Heather Piwowar, DataONE Postdoc, UBC, NESCent, and Dryad

- Open research data - important for academic, but also public librarians too

- Standing on the shoulders of giants. We build on the work of the people before us.

- research is available in a number of ways - papers, lab notes, etc - making shoulders broader and helping others more

- data often doesn’t make it into repositories for others to use

- in order to share researchers must find, organize, document, deidentitfy it, format, ask, submit

then, worry about mistakes, misinterpretation, etc - not motivating to share data

- is it important? more than ½ papers contain errors, up to 10% of mistakes will change conclusions

- sharing done by request now. often don’t get it despite request - ⅓ don’t reply, ⅓ say will and don’t, ⅓ say no.

- why no? publish more, exclusive use, data confidentiality, control, cost of prep

- researchers want to know what their data is being used for.

data access is self-selecting. not efficient, not fair - held back from young and productive researchers

- slows down research, education

- research sharing needs help, librarians are good at helping, open data needs you!

- need librarians as data host. urls stop working. put in repository. lots of types of repositories - data, journal, institutional, disciplinary, etc. which is right? probably many of them. some are obvious - DNA goes in GenBank

- institutional repositories are important, but must commit to do it well. We know this stuff!

- we need to educate!

- educate repositories - doing it well is hard.

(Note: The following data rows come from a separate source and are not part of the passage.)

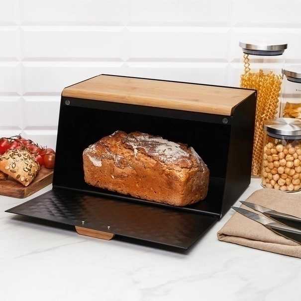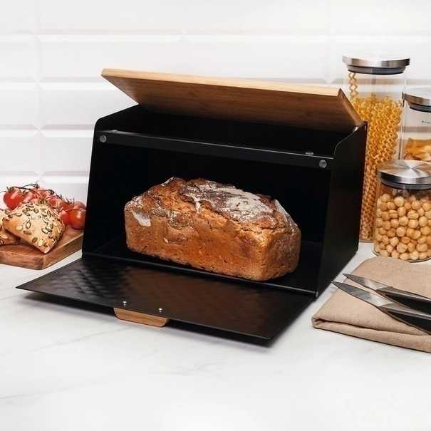 Chlebník má bambusový poťah, ktorý sa skvele hodí na krájanie chleba, takže nie potrebné ďalšia doska na krájanie navyše. Bambusové drevo je mimoriadne odolné, ale zároveň je najekologickejšou surovinou na svete .Vďaka jedinečnému dizajnu bude štýlovým prvkom vybavenia kuchyne. Hladké povrchy sa ľahko udržiavajú v čistote. Model má dvojité, výklopné – bambusové a kovové – uzatváranie. Kryty dobre chránia obsah pred znečistením a svetlom. Kov (uhlíková oceľ) s práškovým náterom a bambusové prvky sú veľmi trvanlivé. Zmestí sa chlieb a rožky pre celú rodinu. Je to návrh pre tých, ktorí oceňujú čerstvosť, chrumkavosť a arómu čerstvého pečiva a hľadajú pevný, kompaktný chlebník. Stabilne ho umiestnite na kuchynskú dosku.
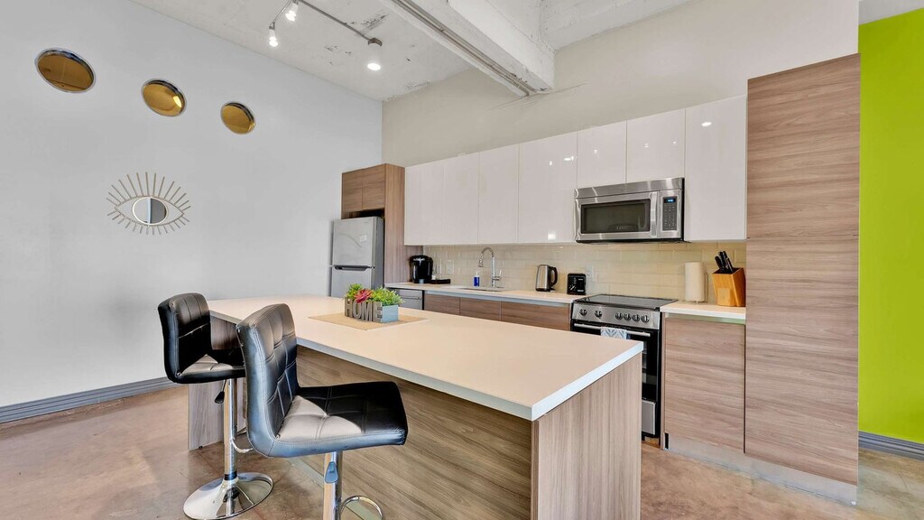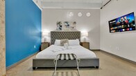 Feel at home in this stylish 1-bedroom loft on the 6th floor in Downtown Dallas, offering city views and a prime, walkable location near the Convention Center and top attractions. This modern loft blends industrial-chic design with exposed brick, sleek finishes, and designer furnishings. It features floor-to-ceiling windows with panoramic city views, a fully equipped kitchen, and access to resort-style amenities including a pool, gym, cinema, lounge, and arcade. Each guest enjoys one free breakfast item and a 12 oz coffee daily at TalkinSpoon. A second air mattress can be provided for an additional fee of $35 per night. Located in the heart of Downtown Dallas, this apartment is steps from attractions, dining, and entertainment. It's a 5-minute walk to the Convention Center and Aquarium, with easy access to Deep Ellum, Uptown, Bishop Arts, and West Village. Nearby attractions include the American Airlines Center, House of Blues, Sixth Floor Museum at Dealey Plaza, Dallas World Aquarium, Morton H. Meyerson Symphony Center, Perot Museum of Nature and Science, Dallas Museum of Art, and Dallas Cattle Drive Sculptures. Quiet hours are from 10:00 PM to 7:00 AM. No parties, smoking, or drugs are allowed inside, and there is a $250 fee for violations. The downtown location is across from City Hall, a lively area with a visible homeless presence outside; the building remains secure with regular police/security presence. Includes high-speed Wi-Fi and a dedicated workspace with city views. [GO]
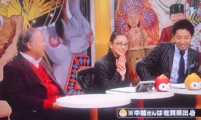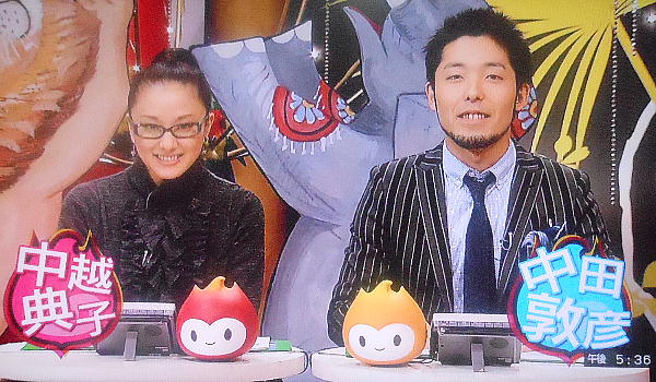 やがて司会者、ゲスト、コメンティターがお出ましになってライトや音声マイクのテストをして、本番開始。しかし、中越典子ちゃ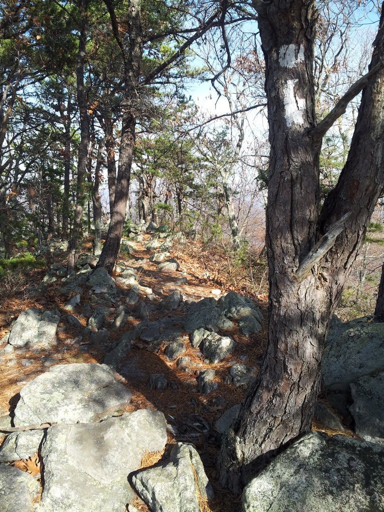 This was another hike I found at hikingupward.com and it sounded like a good choice for a cool-ish fall day for Kris and I. It took us a couple wrong turns to find the trail, but we eventually got there and suffered a not too interesting ascent to the rockily scenic ridge crest. It wouldn’t take much to improve the trail to the best view point with a nice sitting area and I was tempted to give it a go right then and there. But lacking any tools to flail around with, I conceded it would have to wait for another day.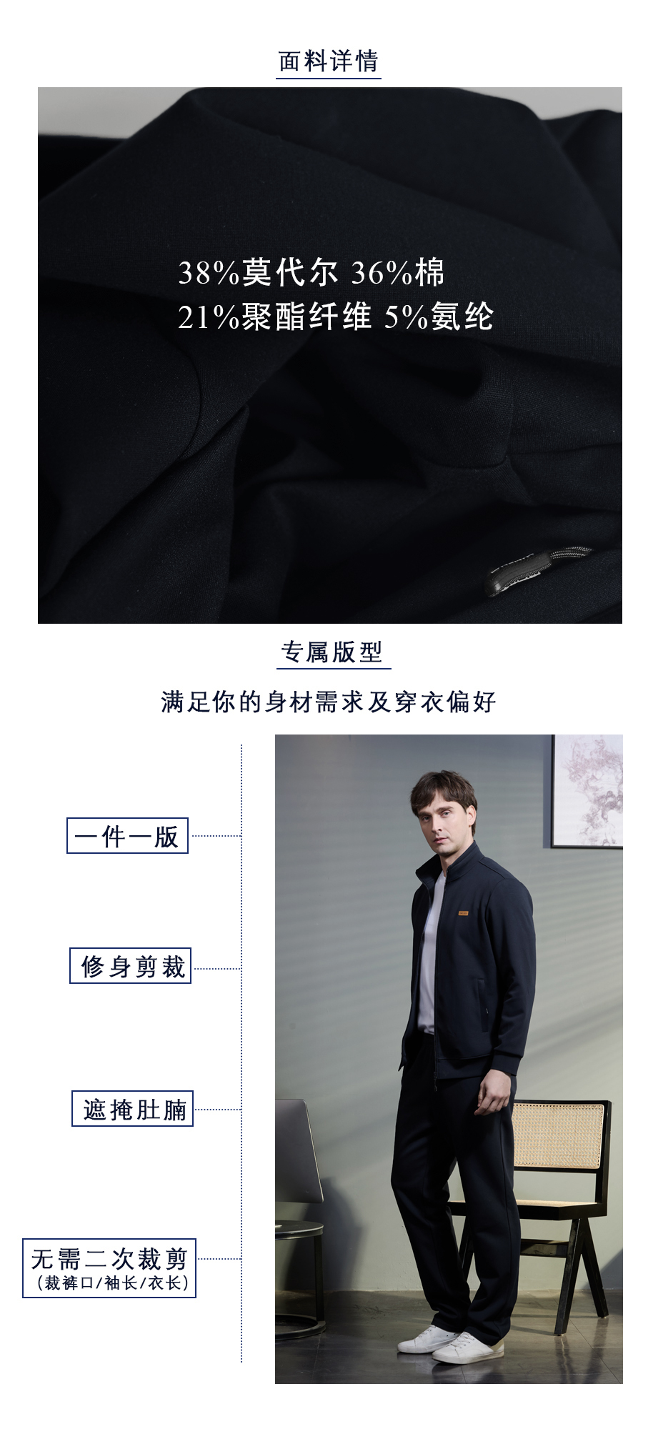 定制运动装-藏蓝38%莫代尔棉混纺束口春夏运动裤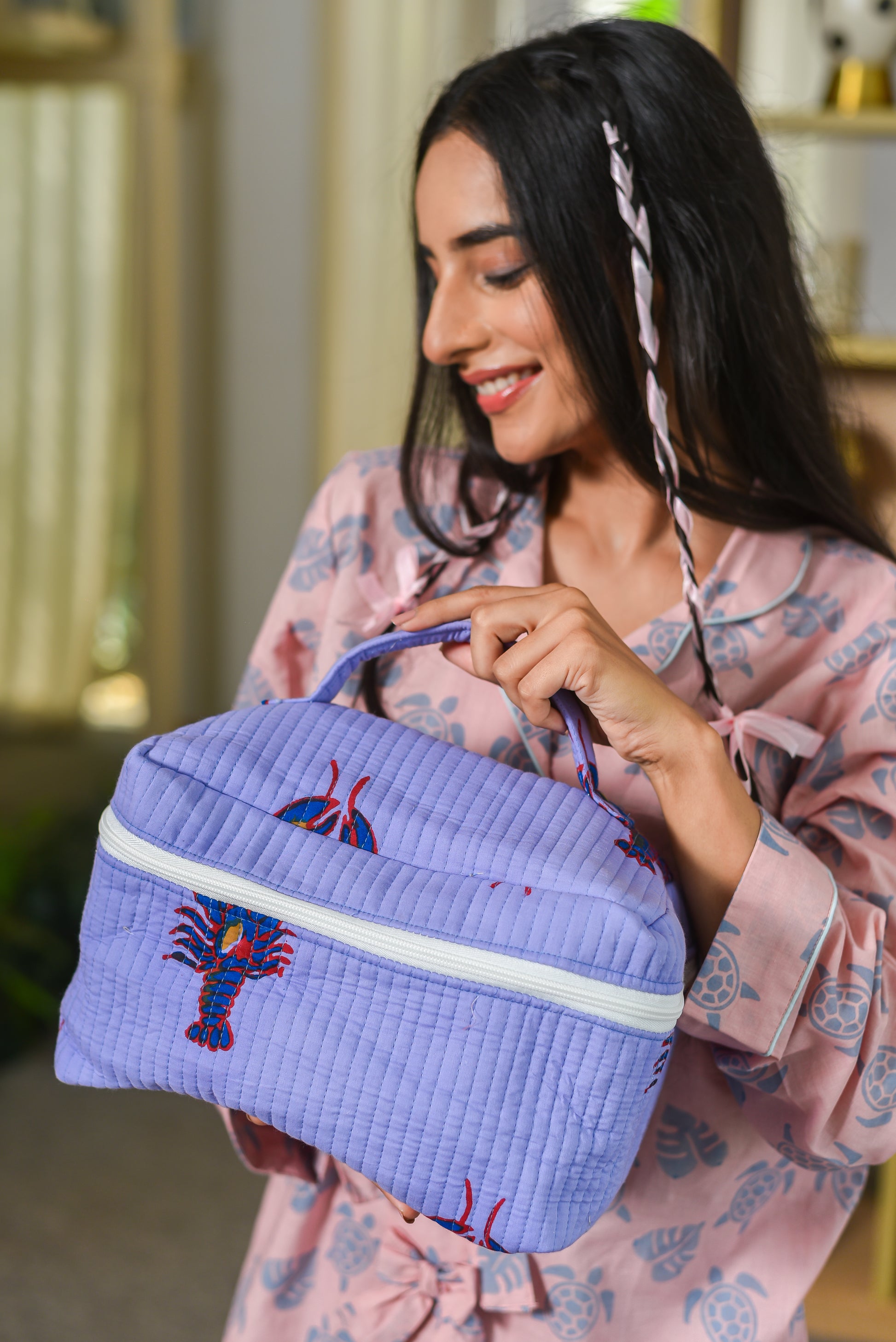 Handcrafted in pure cotton with vibrant block prints, this vanity bag is designed to keep your beauty and travel essentials organised in style. Perfect for both everyday use and travel.

- educate researchers - researchers know data, we know long term preservation, let’s talk. non-threatening message from the library, we’re not tyring to take over your research

- educate researchers about the benefits of data repositories. carrots? citations - data sharing can mean more citations. evidence starting to show datasets are reused - longtail to data

- educate researchers about best practices. Selection, format, location, metadata

- educate researchers about scientific contribution. Her study to track data use and impact - 10 x 100 x 1000 (10 repositories, 100 , 1000 datasets) study using GScholar and Web of Science to get idea of data use. prelim - lots of use, varies by repository. are the creators of data also reusers of data?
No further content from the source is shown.